Variational Principle

Suppose that we wish to find an approximate solution to the time-independent Schrödinger equation,

$$H\,\vert\psi\rangle = E\,\vert\psi\rangle,$$ (9.68)

where $H$ is a known (presumably complicated) time-independent Hamiltonian, and $E$ the energy eigenvalue.

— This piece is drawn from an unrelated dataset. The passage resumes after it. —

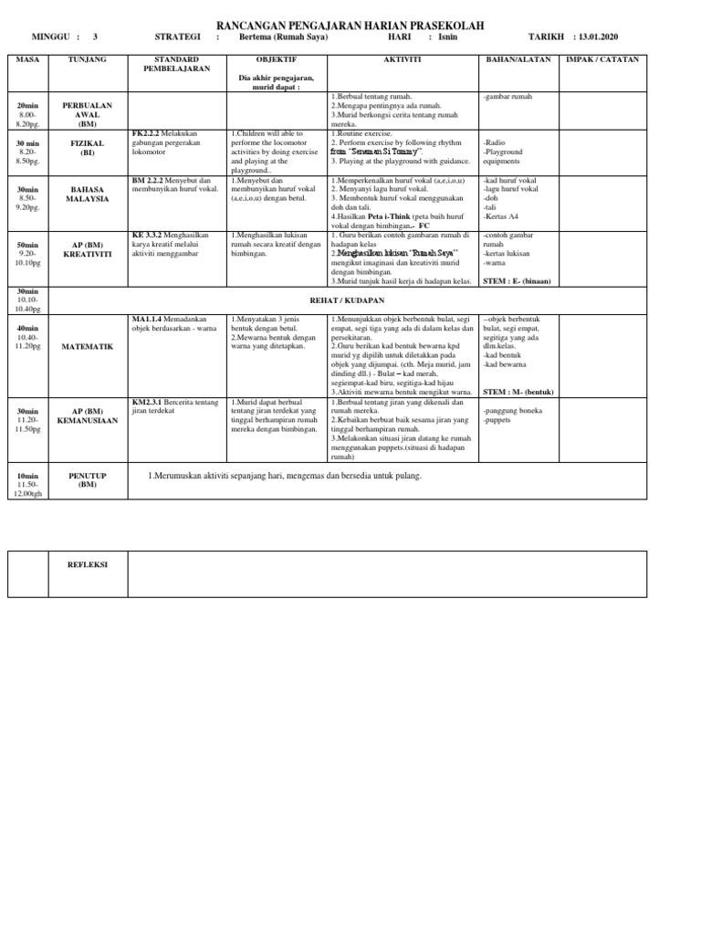 Rph Prasekolah Tema Rumah Saya Tunjang Sains Dan Teknologi. Contoh rancangan pengajaran harian arra asri. Dokumen ini merupakan koleksi RPH saya semasa dalam latihan mengajar.

Let $\vert\psi\rangle$ be a properly normalized trial solution to the above equation that corresponds to the trial wavefunction $\psi({\bf x}')\equiv \langle{\bf x}'\vert\psi\rangle$ . The so-called variational principle [94] states, quite simply, that the ground-state energy, $E_0$ , is always less than, or equal to, the expectation value of $H$ calculated with the trial solution: that is,

$$E_0 \leq \langle\psi\vert\,H\,\vert\psi\rangle.$$ (9.69)

Thus, by varying $\vert\psi\rangle$ until the expectation value of $H$ is minimized, we can obtain approximations to both the energy and the wavefunction of the ground state. (Incidentally, if $\vert\psi\rangle$ is not properly normalized then we must minimize $\langle\psi\vert\,H\,\vert\psi\rangle/\langle\psi\vert\psi\rangle$ . See Exercise 16.)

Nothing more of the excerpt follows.